* _Task item_: Please return the lines below verbatim, beginning at the one that has "각 팀별 업무량을 분배하기 위해 3shape 기사님 구인합니다." and stopping after the one that has "The classic design", and add no other lines.

* _Records to use_:
★ ★ ★
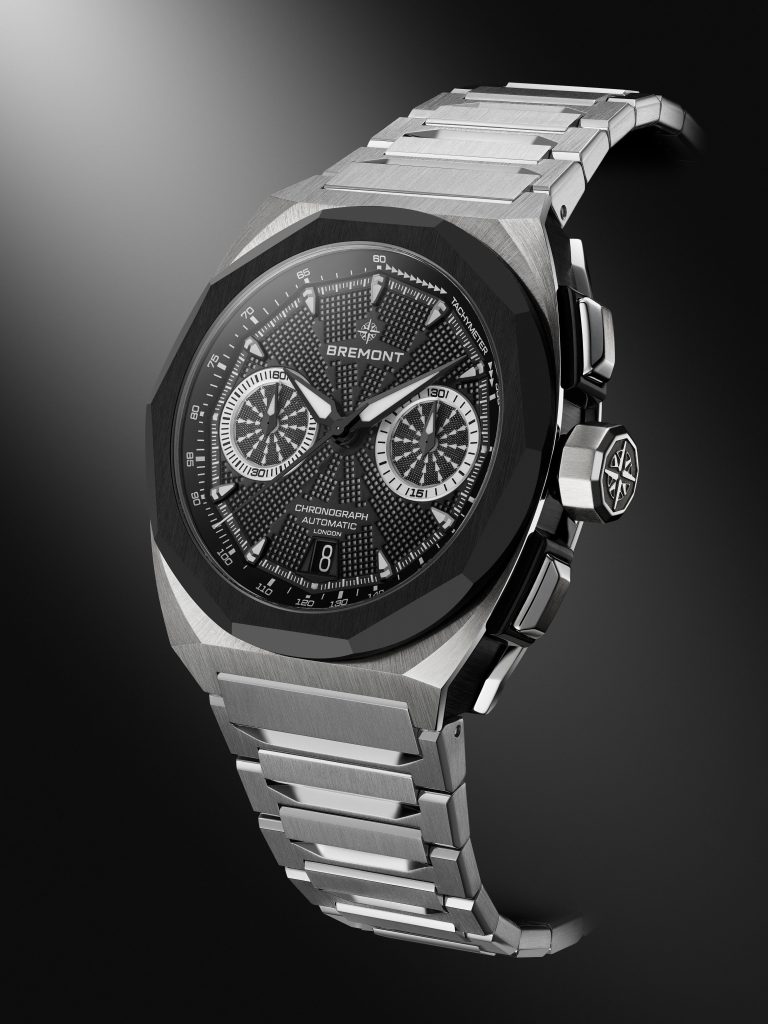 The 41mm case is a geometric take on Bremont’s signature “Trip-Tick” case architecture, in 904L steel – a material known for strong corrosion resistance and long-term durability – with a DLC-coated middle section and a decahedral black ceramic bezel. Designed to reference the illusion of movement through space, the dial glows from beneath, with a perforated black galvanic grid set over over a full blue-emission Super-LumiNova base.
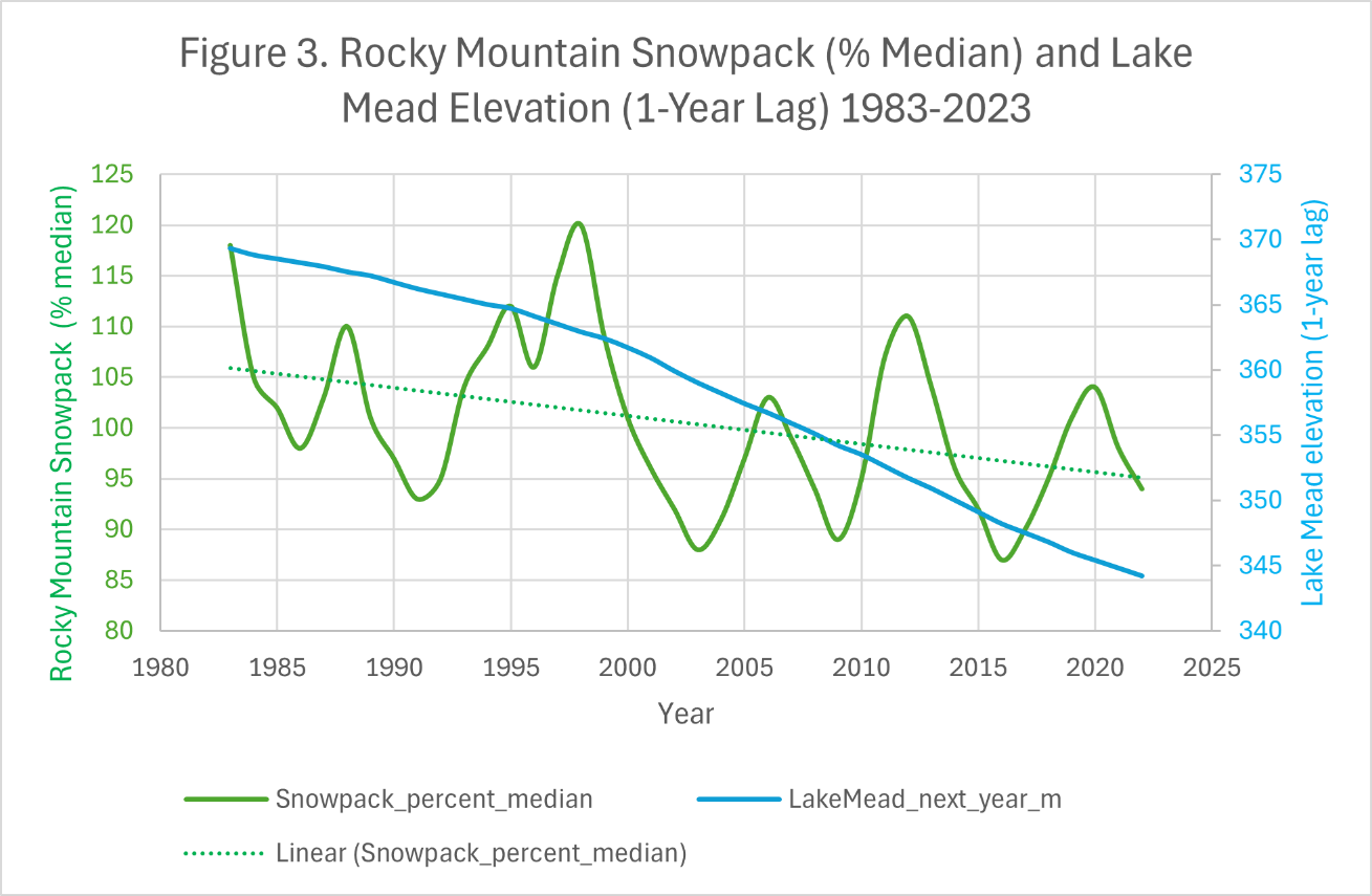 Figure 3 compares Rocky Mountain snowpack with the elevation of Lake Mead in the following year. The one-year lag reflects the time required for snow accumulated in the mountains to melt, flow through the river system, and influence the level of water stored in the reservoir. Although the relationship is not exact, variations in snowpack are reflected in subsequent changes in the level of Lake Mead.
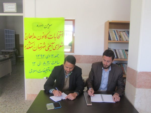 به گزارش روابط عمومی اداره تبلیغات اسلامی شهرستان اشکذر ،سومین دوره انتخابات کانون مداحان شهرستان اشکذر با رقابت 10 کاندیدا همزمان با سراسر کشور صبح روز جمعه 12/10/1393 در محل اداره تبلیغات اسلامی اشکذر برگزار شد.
★ ★ ★
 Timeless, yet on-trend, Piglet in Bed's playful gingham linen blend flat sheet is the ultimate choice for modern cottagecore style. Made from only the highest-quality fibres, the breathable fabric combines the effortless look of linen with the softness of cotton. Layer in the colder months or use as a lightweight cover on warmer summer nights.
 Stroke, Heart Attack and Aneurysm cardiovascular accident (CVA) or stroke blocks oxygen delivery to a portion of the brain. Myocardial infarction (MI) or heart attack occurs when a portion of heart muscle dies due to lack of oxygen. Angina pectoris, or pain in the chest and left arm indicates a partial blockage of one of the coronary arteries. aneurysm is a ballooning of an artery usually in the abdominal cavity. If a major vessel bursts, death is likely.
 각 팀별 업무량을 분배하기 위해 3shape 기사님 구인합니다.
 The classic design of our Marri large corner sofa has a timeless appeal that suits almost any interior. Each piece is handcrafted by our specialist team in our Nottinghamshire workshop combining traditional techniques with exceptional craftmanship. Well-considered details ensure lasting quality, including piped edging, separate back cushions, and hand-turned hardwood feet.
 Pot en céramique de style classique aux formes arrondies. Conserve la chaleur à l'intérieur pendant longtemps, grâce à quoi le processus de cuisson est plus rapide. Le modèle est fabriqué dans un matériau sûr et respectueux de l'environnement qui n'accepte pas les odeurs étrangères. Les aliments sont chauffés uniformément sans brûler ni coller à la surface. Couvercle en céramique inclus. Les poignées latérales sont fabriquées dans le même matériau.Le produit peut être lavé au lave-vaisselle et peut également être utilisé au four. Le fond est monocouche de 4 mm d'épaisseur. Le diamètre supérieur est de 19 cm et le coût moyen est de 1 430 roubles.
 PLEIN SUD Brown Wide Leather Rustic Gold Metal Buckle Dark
★ ★ ★
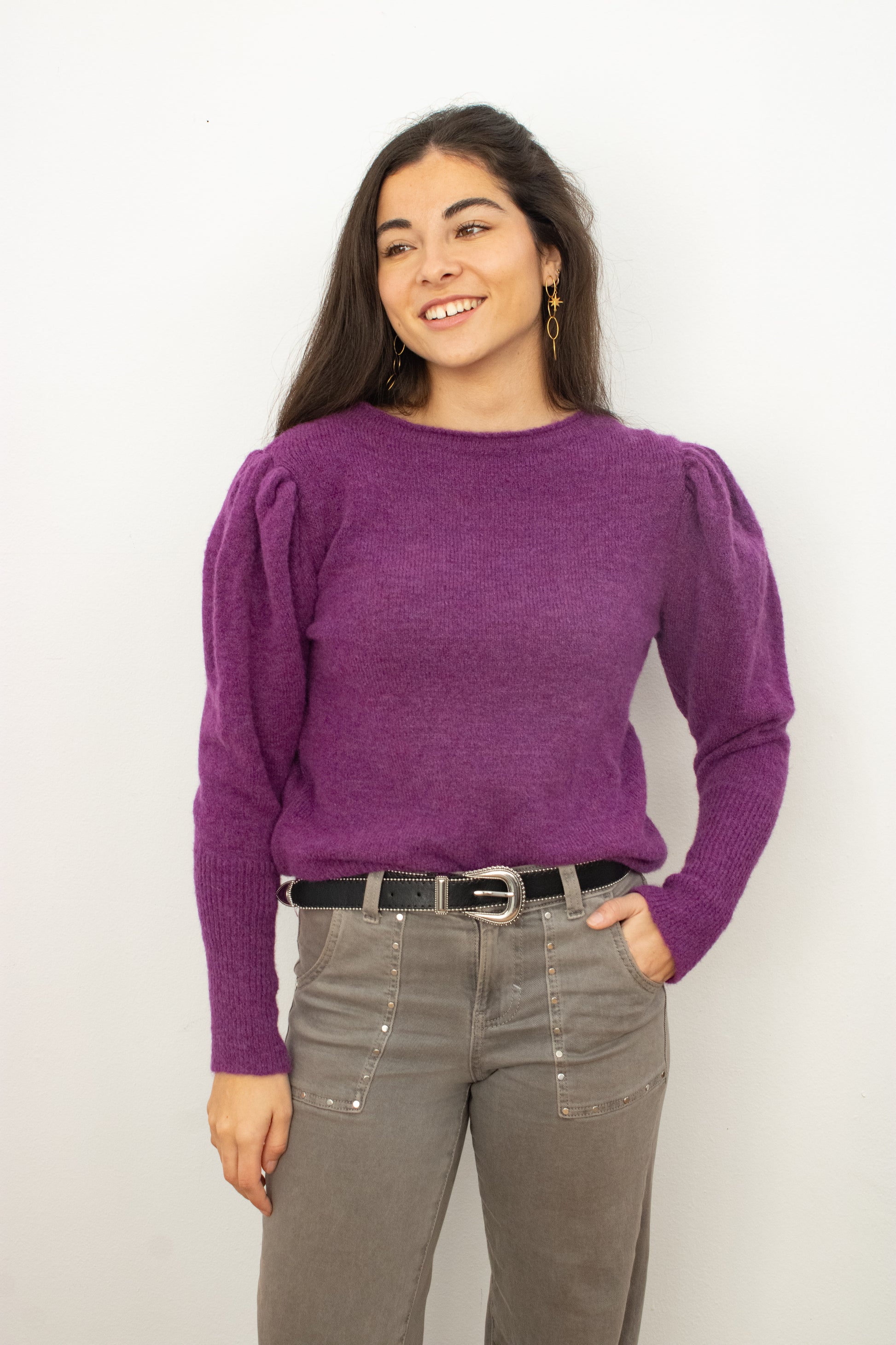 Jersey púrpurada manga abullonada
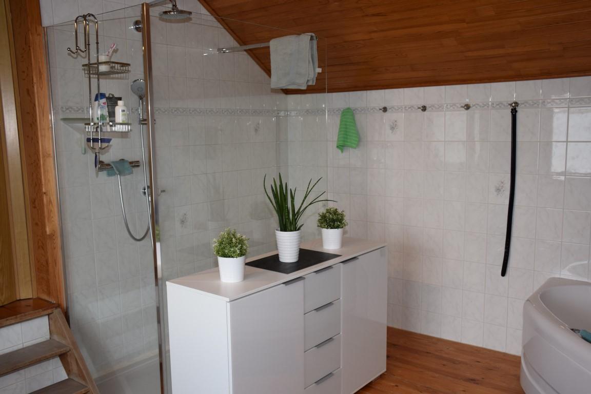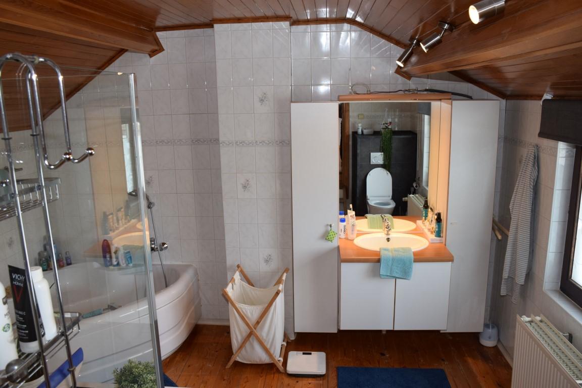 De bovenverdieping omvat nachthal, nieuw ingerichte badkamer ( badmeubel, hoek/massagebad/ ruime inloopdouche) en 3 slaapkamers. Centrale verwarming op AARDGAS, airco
★ ★ ★
* _Output of the task_:
 각 팀별 업무량을 분배하기 위해 3shape 기사님 구인합니다.
 The classic design of our Marri large corner sofa has a timeless appeal that suits almost any interior. Each piece is handcrafted by our specialist team in our Nottinghamshire workshop combining traditional techniques with exceptional craftmanship. Well-considered details ensure lasting quality, including piped edging, separate back cushions, and hand-turned hardwood feet.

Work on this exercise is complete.